A Divina Comédia Corporativa

Celso Gagliardo
Celso Gagliardo

O tempo passa, a tecnologia avança, o homem consegue explorar as mais inesperadas áreas e ciências para satisfazer as necessidades das pessoas, mas as relações internas das organizações continuam a preocupar os analistas de plantão.

Um fator sem dúvida muito forte na rotatividade dos quadros de pessoal, especialmente nos níveis mais altos, dito especializados e de comando, ainda é o das relações humanas, ou seja, a forma como as pessoas são tratadas, ou, nalguns casos, verdadeiramente destratadas.

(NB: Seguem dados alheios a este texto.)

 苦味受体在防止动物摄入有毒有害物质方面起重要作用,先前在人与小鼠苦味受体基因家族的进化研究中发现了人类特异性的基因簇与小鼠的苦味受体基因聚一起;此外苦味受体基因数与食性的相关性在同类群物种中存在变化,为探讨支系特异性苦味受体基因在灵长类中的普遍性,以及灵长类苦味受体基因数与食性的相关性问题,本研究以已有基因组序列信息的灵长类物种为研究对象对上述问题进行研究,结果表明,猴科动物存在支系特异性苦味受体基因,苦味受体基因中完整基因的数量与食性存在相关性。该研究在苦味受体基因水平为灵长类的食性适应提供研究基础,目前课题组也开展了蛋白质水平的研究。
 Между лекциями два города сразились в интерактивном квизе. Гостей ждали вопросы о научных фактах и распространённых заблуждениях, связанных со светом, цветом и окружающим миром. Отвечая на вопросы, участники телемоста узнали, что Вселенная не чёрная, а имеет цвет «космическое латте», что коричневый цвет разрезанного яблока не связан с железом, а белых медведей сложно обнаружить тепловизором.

A política de relações “desumanas” adotada nalgumas organizações, mesmo  que involuntariamente, muitas vezes é fruto da má preparação de suas linhas de comando, pessoas com viés técnico que são guindadas a posições onde boa parte do tempo exige-se foco na integração e melhor desempenho das pessoas. O perfil dessas pessoas, por vezes executivos experientes, aliado à pressão por resultados difíceis, aumenta o potencial de conflitos e desmotivação no ambiente de trabalho.

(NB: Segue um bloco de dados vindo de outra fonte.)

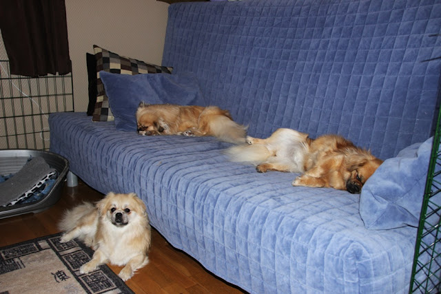 Veldig blå sofa, men det er egentlig greit :) Her sover jeg når jeg har valpekull, så den er praktisk å ha. Også veldig greit å ha ei grind her, for når det er løpetid må jeg skille hannene og tispene.

Nas poltronas onde os analistas de carreira, “coachs” e outros profissionais do gênero atendem seus clientes, pipocam depoimentos os mais intrigantes de relações desafetuosas, que perduram teimosamente, causando mal para todos – para cima, para baixo, para os lados, afetando portanto muita gente de forma negativa, sugando energia positiva, causando cansaço imotivado e estresse, chegando nalguns casos à somatização, com profissionais adoecendo pela relação promíscua que se estabelece e pode se manter por muito tempo.

Diriam alguns que a organização – uma empresa qualquer – não é perfeita, fruto da limitação do homem que a faz. Verdade. Já ouvimos, também, que a empresa “não é um baile de anjos”, já que as relações sociais não se manifestam de forma pura, celestial. Igual verdade. Entretanto, não é concebível que pessoas – por vezes cabeças pensantes de um grande negócio – não consigam se compor minimamente em boas relações, para sofrer menos durante a maior parte de sua vida ativa e útil, ou seja, durante 8, 9, 10 ou mais horas por dia.

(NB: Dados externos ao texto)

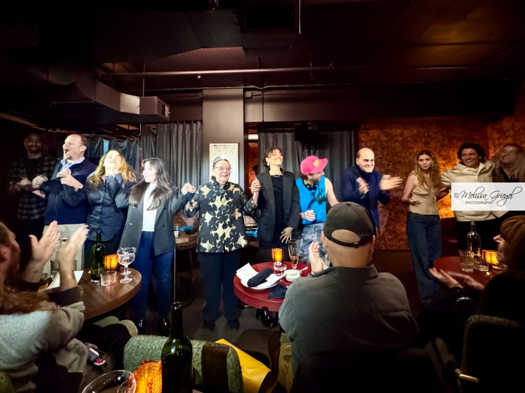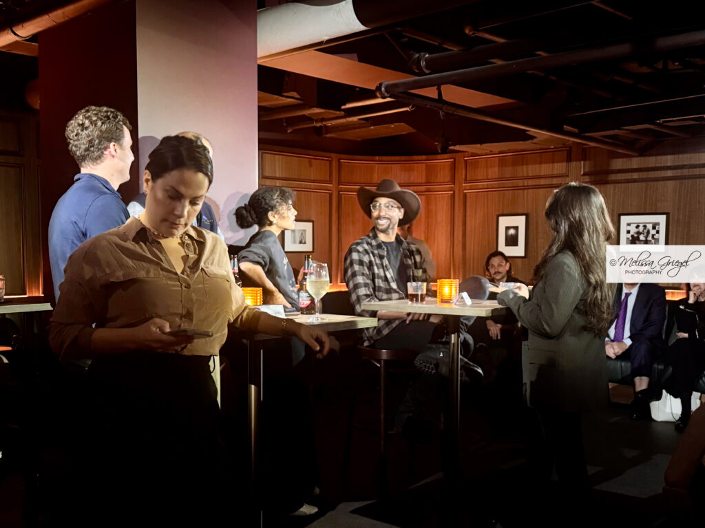 d’Amato: All of the plays were written originally for this specific evening and for Barlume Downstairs. All the food, special cocktails, and other details about the restaurant in the show are from Barlume’s real menu. We actually cast the ensemble first. Then all the playwrights decided on their casts and wrote plays for the actors. They all wrote them very fast. I was impressed. One of our playwrights, and co-founder, Eduardo Machado, wrote his play “Fine Dining” about a theme that Barlume has around a bird that travels to different locations and enjoys mediterranean life. The protagonist of his play is called Paloma. “Peekos at Barlume,” featuring Peekos Oysters from Barlume’s menu, was written by Sandi Farkas, a playwright and former student of Eduardo’s. Suite 524 co-founder Michael Sharp wrote “Cowboy.” Suite 524 co-founder, Michael Domitrovich wrote “See the Forrest”, as well as all the host’s monologues. Michael Domitrovich also Directed all four plays.

A lógica e a racionalidade que predominam nas decisões empresariais têm espaço reduzido quando o assunto é “gente”, tratamento, ligação, entendimento, emoção. A pressão por resultados exercida cada vez mais fortemente sobre os executivos também contribui em certos casos para o “inferno interno”, mas todo profissional – cada um no seu nível de atuação – recebe pressão, e precisa aprender a conviver com ela exatamente para sofrer menos, ter qualidade de vida, e conseguir bons índices de produtividade para si, e sua equipe.

Empresas perdem bons profissionais por relações internas descuidadas, ou porque algum “medalhão” intocável insiste em tratar os subalternos de forma a agredir valores e princípios, ferindo a dignidade humana.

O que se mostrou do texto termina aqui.